During the first 30 days with the Roku, I was tempted many times to pack it up and return it to Best Buy.  Since most of my experiences to this point were with traditional set top boxes for cable or satellite and the Apple TV, I was accustomed to things working and working consistently.  What were the points of frustration?

  • Box freezing up – this would occur multiple times a day and be very frustrating.  Unfortunately it seems to occur more frequently on some “channels” than others.  This could be an indication of the fact that the channels are not written by the same people responsible for the Roku OS itself.
  • Remote responsiveness – I have not used an older Roku nor have I used the standard remote.  I’ve only used the “enchanted remote with motion control” that comes with the XS.  Often it take quite a few button clicks to “wake” the remote after it has sat idle for a bit.  After waking the remote, there is a lack of input response also.  After clicking a button, you can look to see the Roku box blink indicating it has received the remote input, however nothing occurs.  This causes you to continue to hit the same button expecting something to eventually happen.  Sometimes it will eventually take effect, other times all of the cumulative clicks seemed to get buffered and then happen all at once taking you somewhere in the system you didn’t intend to go to.
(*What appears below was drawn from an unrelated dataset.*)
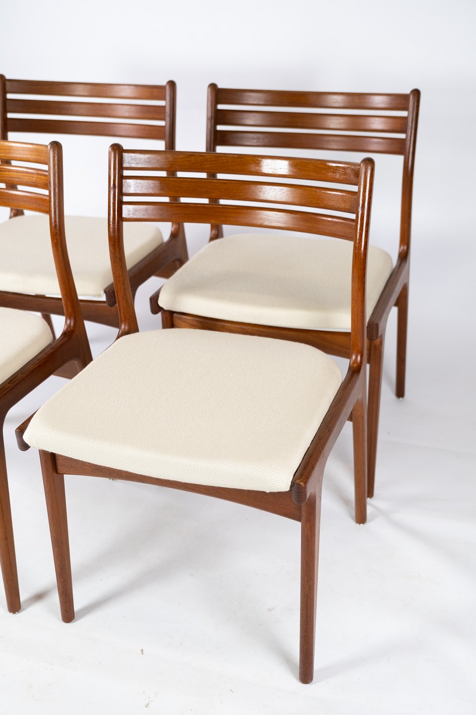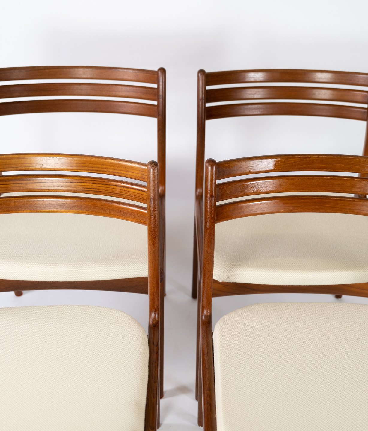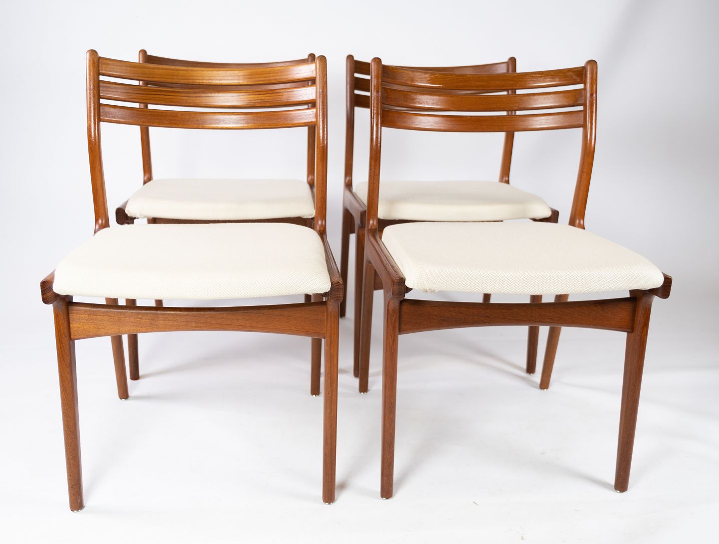 A Set Of Four Dining Room Chairs - Teak - Light Wool - Danish Design - 1960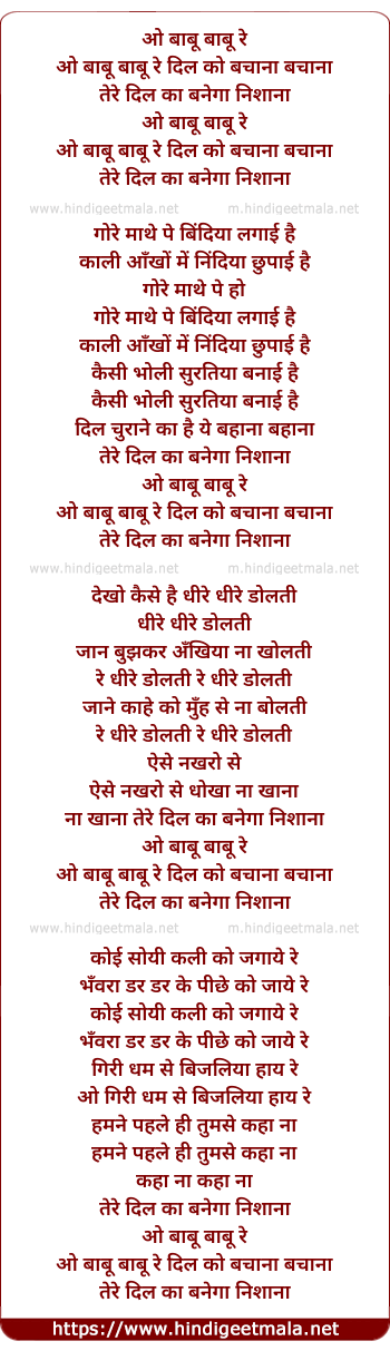 Lyrics of O Babu Babu Re Dil Ko Bachana - ओ बाबू बाबू रे दिल को बचाना

  • Justin.TV – okay it’s not specifically JustinTV, but the fact that channels are created and user supported.  I did find it interesting to be able to bring up some live television shows when they were being broadcast (sports, news, etc).  But the quality is deplorable and the reliability even less.  Remember OTA is not really an option for us, so this was worth trying, but not worth using that much.
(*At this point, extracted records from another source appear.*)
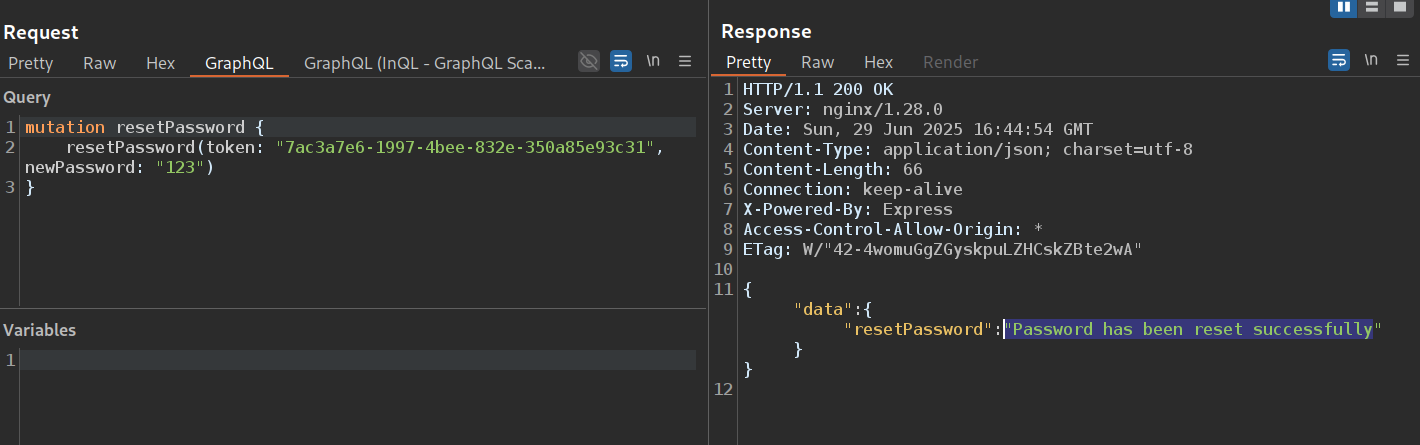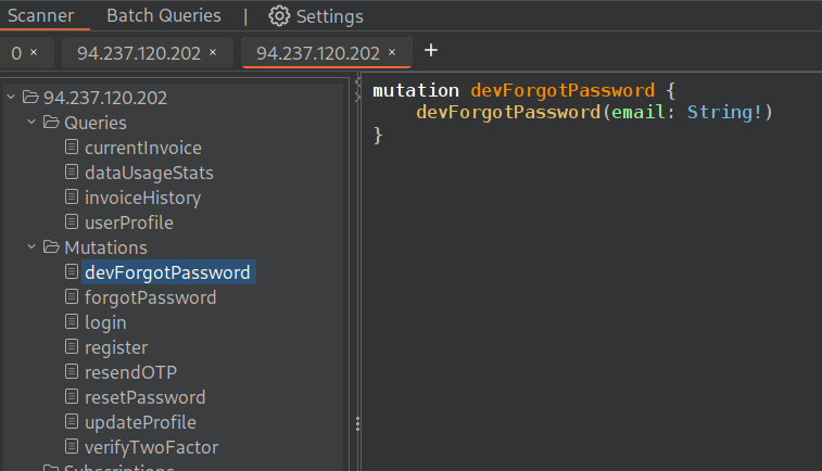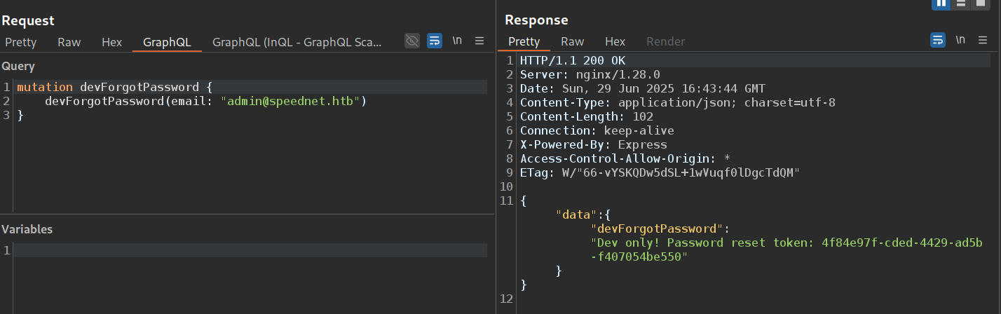 There is also a devForgotPassword mutation that resets the password without a token, we just need an email (we can reset the password of any user just using their email)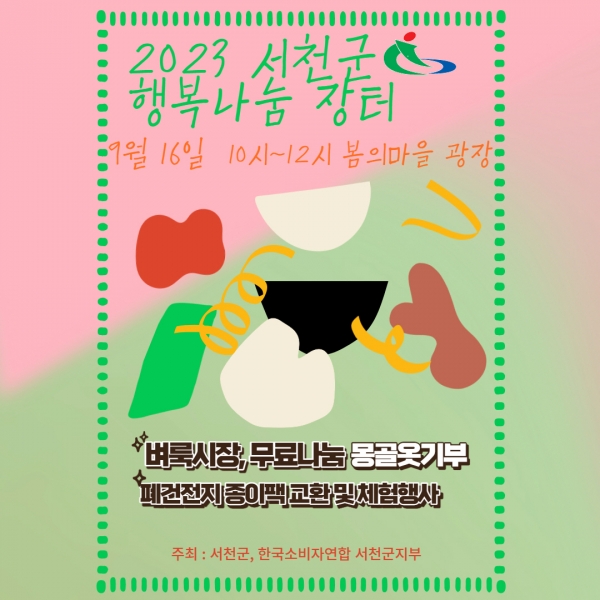 [충청뉴스큐] 서천군이 오는 16일 서천 봄의마을 광장에서 청소년의 환경보호와 자원순환에 대한 인식을 높이고자 지역단체와 주민이 함께하는 ‘2023년 행복 나눔장터’를 개최한다.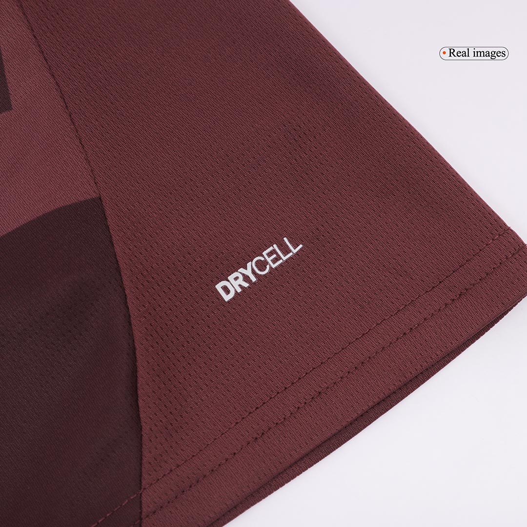 Description about the Manchester City jersey: Manchester City released their burgundy and gold third kit. Umbro’s design of Manchester City’s burgundy away shirt with gold accents in 2012-13 serves as the clear muse for the club’s current third kit. This2024 season’s Manchester City Jersey thirdfeatures a comfortable regular fit, short sleeves, and a V-neck collar. In the cheap 2024/25 iteration of the Manchester City jersey, we reimagined the ship from the Manchester City crest as an intricate all-over graphic print, honoring a symbol that embodies the club’s enduring evolution and spirit.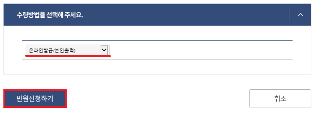 마지막으로 수령방법은 온락인 발급(본인출력)을 선택하시면 민원 신청하기를 클릭해주시면 프린터로 인쇄하실 수 있습니다.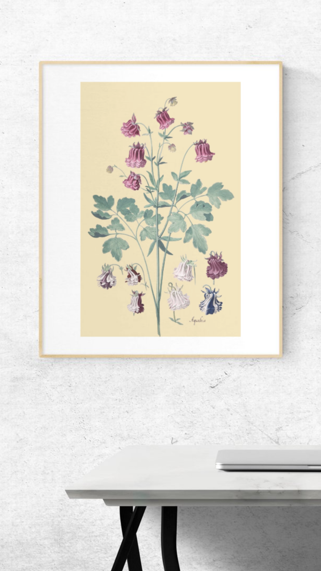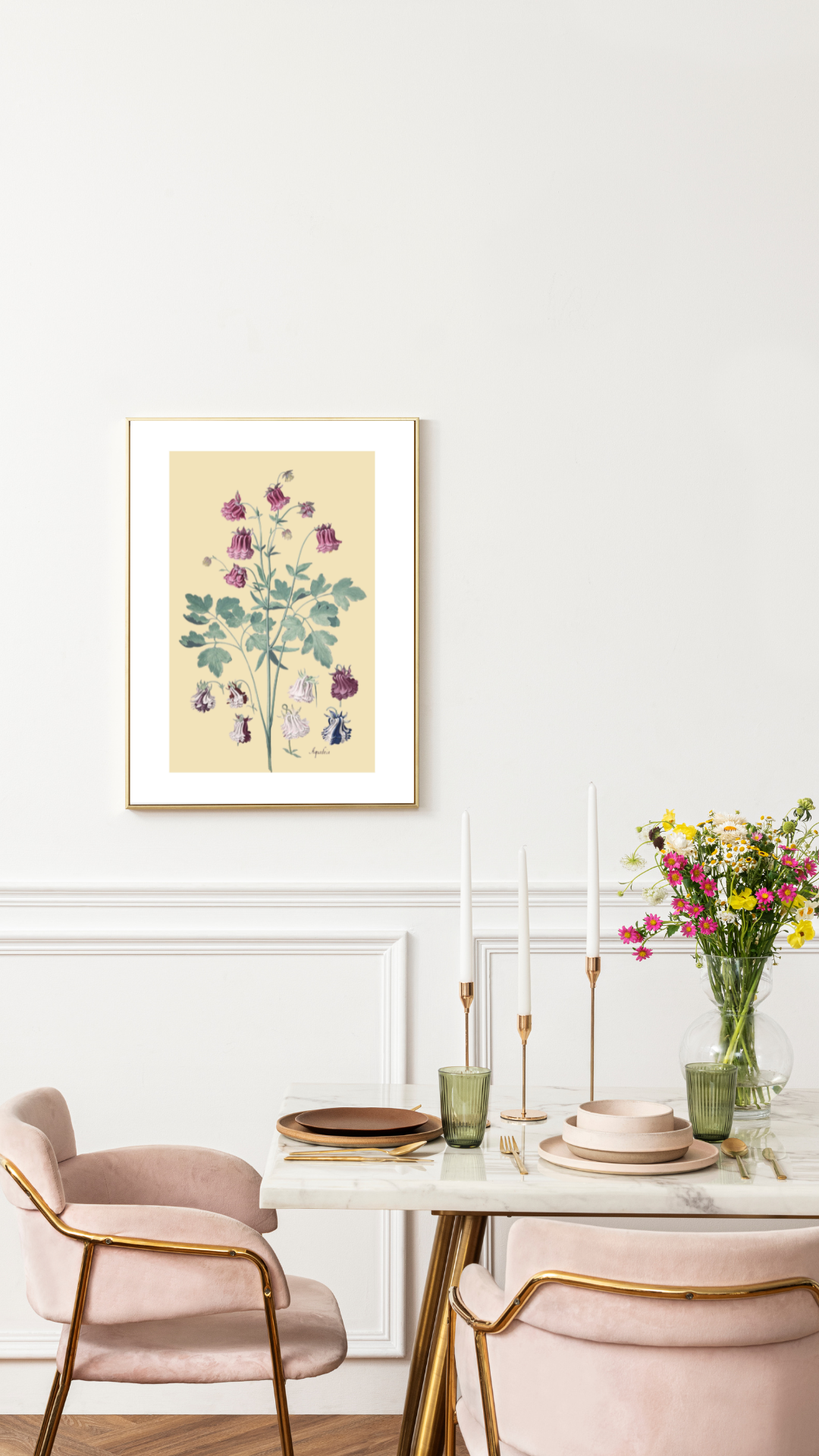Pressed Flower #3 – Aquilegia Wall Art | Botanical Triptych Digital Download | JPG & PDF + Guide

  • Angry Birds – I will admit to having been suckered in like everyone else and spent entirely too much time playing Angry Birds on my iPad when we first got it.  I don’t know if it was just the addictiveness of the game or the competition with my wife to see who could keep the high score on each level…  But on the Roku, interacting with this particular game is not as eloquent as a touch screen device.  I appreciate that Angry Birds is a popular game and it may have helped to market the device to end users, but I think it was a bad choice/implementation.
What do I like about the Roku?
  • Picture/Sound quality – the one thing I can compare between the Roku and my Apple TV is Netflix.  So I’ve done quite a bit of A/B comparison and the video/audio quality on the Roku are noticeably better than the Apple TV.  While the Netflix interface isn’t as eloquent, we will watch more Netflix shows on the Roku.
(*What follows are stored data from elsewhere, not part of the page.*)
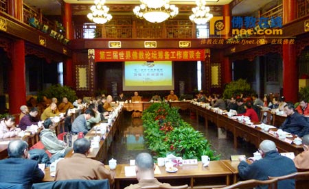 2012年2月13日上午,由中国佛教协会、香港佛教联合会、中华宗教文化交流会联合举办的"第三届世界佛教论坛筹备工作座谈会"在北京广化寺书院隆重举行。中国佛教协会副会长学诚法师、湛如法师,中佛协秘书长王健,中佛协副秘书长张琳、宗家顺、卢浔、胡雪峰喇嘛,北京市佛教协会副会长怡学法师,中国人民大学教授、中国佛教协会顾问方立天先生,国家宗教事务局副局长蒋坚永,国宗局一司司长徐远杰,国宗局副司长刘威、佛教处处长匡胜,国家宗教事务局办公室副主任赵磊、黄志辉,新闻处处长弋杨,国家宗教局政法司副司长焦自伟,政研处处长李寒颖,国家宗教局外事司副巡视员赵建政,香港佛教联合会执行副会长宽运法师、香港佛教联合会行政总主任张毅平、香港佛教联合会项目主任司徒基昌,《中国宗教》杂志社副主编胡绍皆,北京居士林林长夏法圣居士,南京大学教授圣凯法师,北京大学楼宇烈教授、李四龙教授,中国社会科学院宗教所杨曾文教授、黄夏年教授、魏道儒教授,北京师范大学徐文明教授,中国人民大学张风雷教授,中国佛教协会国际部主任普正法师、教务部主任宏度法师、寺庙办主任清远法师、综合研究室主任明杰法师、《法音》编辑部副主编陈星桥等在京的专家学者和有关部门的负责人近百人出席了会议。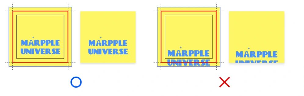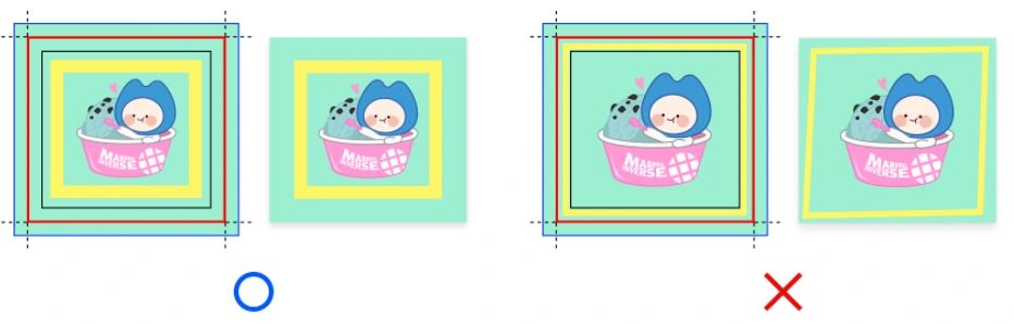 실제 제작/재단되는 상품의 사이즈보다 사방 2mm 이상 안쪽에 중요한 요소를 배치해 주세요.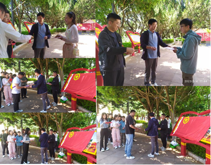 随后,团总支在园内举行了超龄离团仪式,仪式由团总支书记毕锐菁主持。全体团员高举右手,紧握右拳,在朱泽坤同志的带领下重温入团誓词。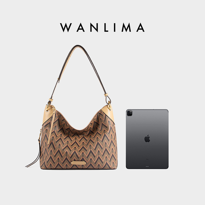 万里马经典老花单肩hobo包包女大容量腋下托特包通勤水桶包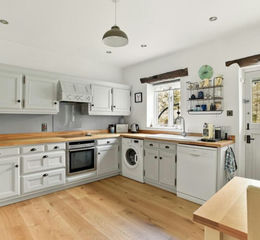 Kitchen/Breakfast Room - with range of cupboards and wood block work surface incorporating sink, Neff four ring electric hob with oven and grill below and filter hood over, built in fridge freezer, space for washing machine and dishwasher. Stable door to garden.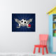 Conception d'affiche de style vintage pour l'équipe nationale de France avec un ballon de football avec ailes, le drapeau et le chant français - "Allez les Bleus" - et la vedette sur arrière - plan bleu radial. Conception disponible sur divers produits (vêtements, casquettes, tasses, sacs, etc.) Vous pouvez personnaliser ce poster avec du texte personnalisé, modifier la mise en page, ajouter une bordure ou un cadre ou choisir une taille spécifique.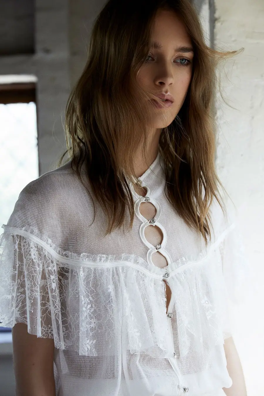 Los vestidos se crean en una paleta de color que abarca desde el radiante blanco al tono beige, pasando por los tonos arena bordados en tonos crudos. Los diseños son diversos pero todos compiten en audacia: escotados vestidos de cola, vestidos largos mostrando espaldas desnudas o vertiginosos escotes delanteros, vestidos de largo midi con lazos en tono negro y minifalderos vestidos llenos de volantes y puntillas.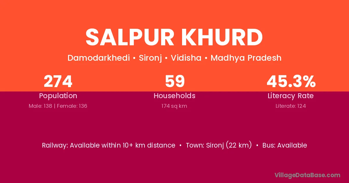 Sironj (22 km) is the nearest town to Salpur Khurd village for major economic activities and is located approximately 22 km away.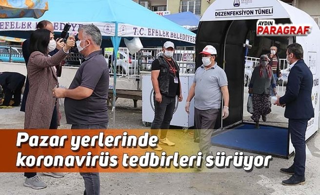 Koronavirüsün ülkemizde görüldüğü ilk günden bu yana başta dezenfeksiyon işlemleri olmak üzere birçok çalışmaya imza atan Efeler Belediyesi, özellikle halkın yoğun olduğu semt pazarlarında önlemler alıyor. Tek bir noktadan dezenfeksiyon tünelinden geçilerek girilen pazar yerlerinde örnek bir çalışmaya imza atıldı. Efekent, Fatih, Eski Otogar ve Nevzat Biçer Parkı yanında kurulan yeni pazar yerinde girişlerde ateş ölçümü yapıldı, satış yapan esnaflara ve vatandaşlara maske dağıtımı gerçekleştirildi. Bu sayede Efelerli vatandaşların alışverişlerini daha güvenli bir şekilde yapmaları sağlandı. Pazar yerlerinde maske dağıtımının rutin olarak devam edeceği bildirildi.
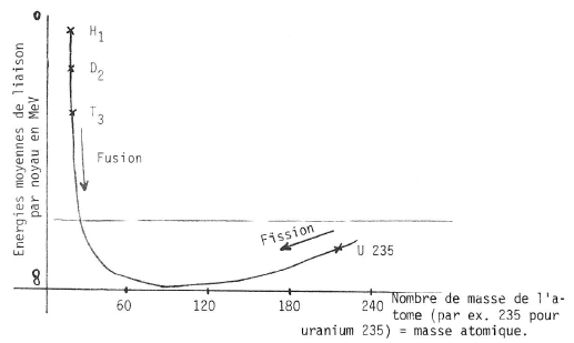 A mesure que la masse atomique augmente, la courbe descend rapidement ; elle atteint son minimum de 60 ( 8,7 MeV par noyau), puis augmente lentement jusqu’aux noyaux les plus lourds (par ex. U235).

  • Bluetooth remote – while I’m not happy with the inconsistencies of the remote, one interesting factor is it being bluetooth.  While everyone is very used to pointing the remote at the TV, it isn’t necessary with the Roku remote.  This means you can mount the box in a less conspicuous location and still be able to control it (unlike the traditional infrared remotes)
  • Size – Small. That’s cool and it makes mounting it easier.  Double sided tape and it’s almost integrated with your TV.  Certainly no need to purchase specific furniture or shelves to house it.
  • Justin.TV – if you’ve been paying attention, you’re probably thinking “wait, didn’t he say he didn’t like this?”.  I did.  But I think this shows a strength of the Roku in it’s user supported channels and content.  Over time I hope/expect that better offerings/implementations will be made available and the experience will be better.  I’m willing to wait and see.
  • Games – while I don’t think Angry Birds was a good choice for the device and it certainly doesn’t have the video processing to keep up with dedicated systems like a PS or XBOX, it has potential.
Would I purchase the Roku again?  Yes.  Would I get the XS?  Probably not.  I think I’d try the XD and see if the lack of enhanced features makes the remote use any more tolerable.